● Working data:
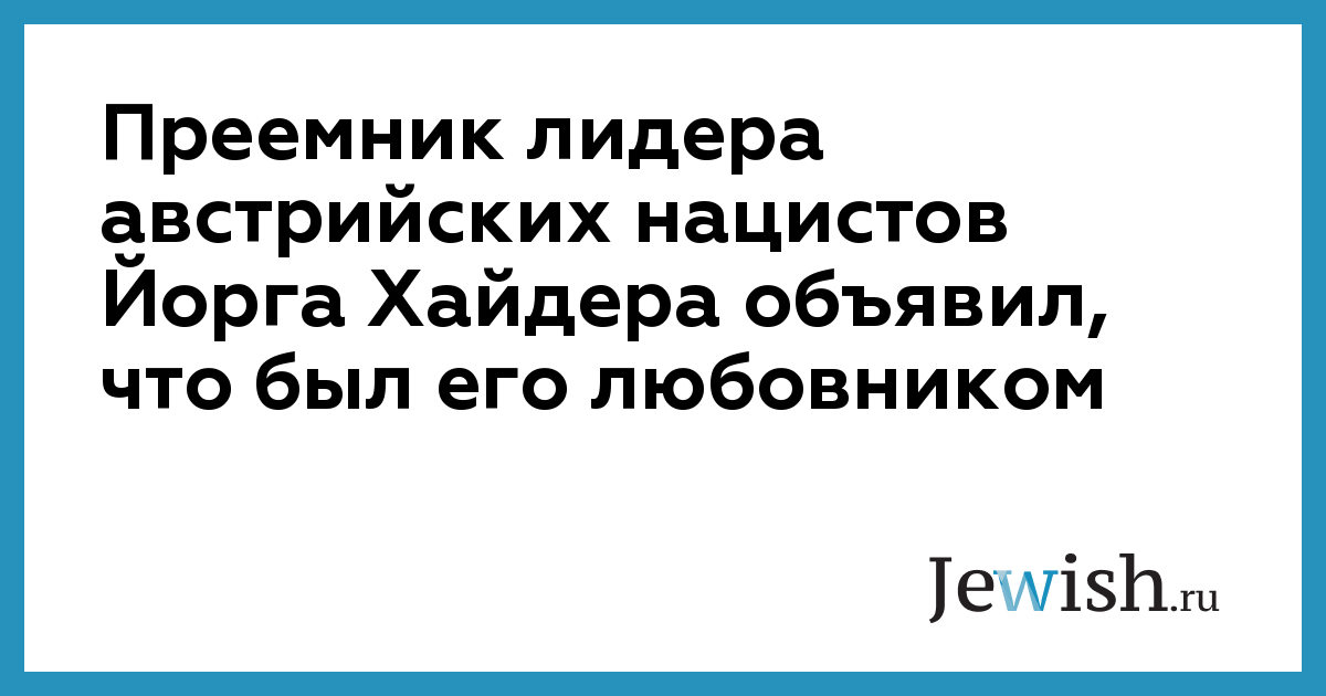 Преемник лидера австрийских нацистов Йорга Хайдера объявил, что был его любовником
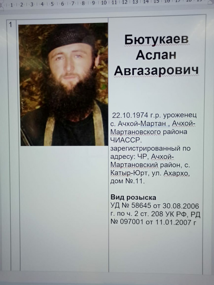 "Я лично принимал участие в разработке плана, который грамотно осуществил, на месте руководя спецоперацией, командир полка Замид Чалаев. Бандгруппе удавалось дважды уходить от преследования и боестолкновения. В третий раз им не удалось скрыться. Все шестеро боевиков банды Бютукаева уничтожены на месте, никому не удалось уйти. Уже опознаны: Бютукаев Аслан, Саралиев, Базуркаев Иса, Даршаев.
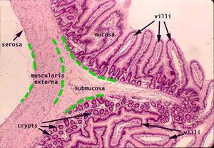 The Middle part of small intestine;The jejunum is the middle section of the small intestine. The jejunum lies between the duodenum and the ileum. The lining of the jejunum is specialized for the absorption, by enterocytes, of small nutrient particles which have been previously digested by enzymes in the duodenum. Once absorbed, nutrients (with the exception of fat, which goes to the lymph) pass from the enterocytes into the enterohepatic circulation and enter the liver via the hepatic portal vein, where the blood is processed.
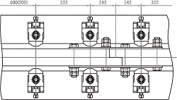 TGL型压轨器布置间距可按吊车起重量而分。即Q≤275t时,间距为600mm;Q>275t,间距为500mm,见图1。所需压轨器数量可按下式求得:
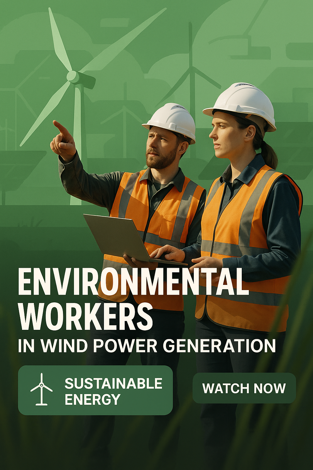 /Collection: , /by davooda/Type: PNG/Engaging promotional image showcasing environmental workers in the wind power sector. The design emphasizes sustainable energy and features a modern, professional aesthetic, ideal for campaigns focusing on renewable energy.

● Aim of the exercise: Give again exactly the lines from the one holding "The Middle part" to the final line of the records, both ends included; any pictures stay out.

● Output:
 The Middle part of small intestine;The jejunum is the middle section of the small intestine. The jejunum lies between the duodenum and the ileum. The lining of the jejunum is specialized for the absorption, by enterocytes, of small nutrient particles which have been previously digested by enzymes in the duodenum. Once absorbed, nutrients (with the exception of fat, which goes to the lymph) pass from the enterocytes into the enterohepatic circulation and enter the liver via the hepatic portal vein, where the blood is processed.
 TGL型压轨器布置间距可按吊车起重量而分。即Q≤275t时,间距为600mm;Q>275t,间距为500mm,见图1。所需压轨器数量可按下式求得:
 /Collection: , /by davooda/Type: PNG/Engaging promotional image showcasing environmental workers in the wind power sector. The design emphasizes sustainable energy and features a modern, professional aesthetic, ideal for campaigns focusing on renewable energy.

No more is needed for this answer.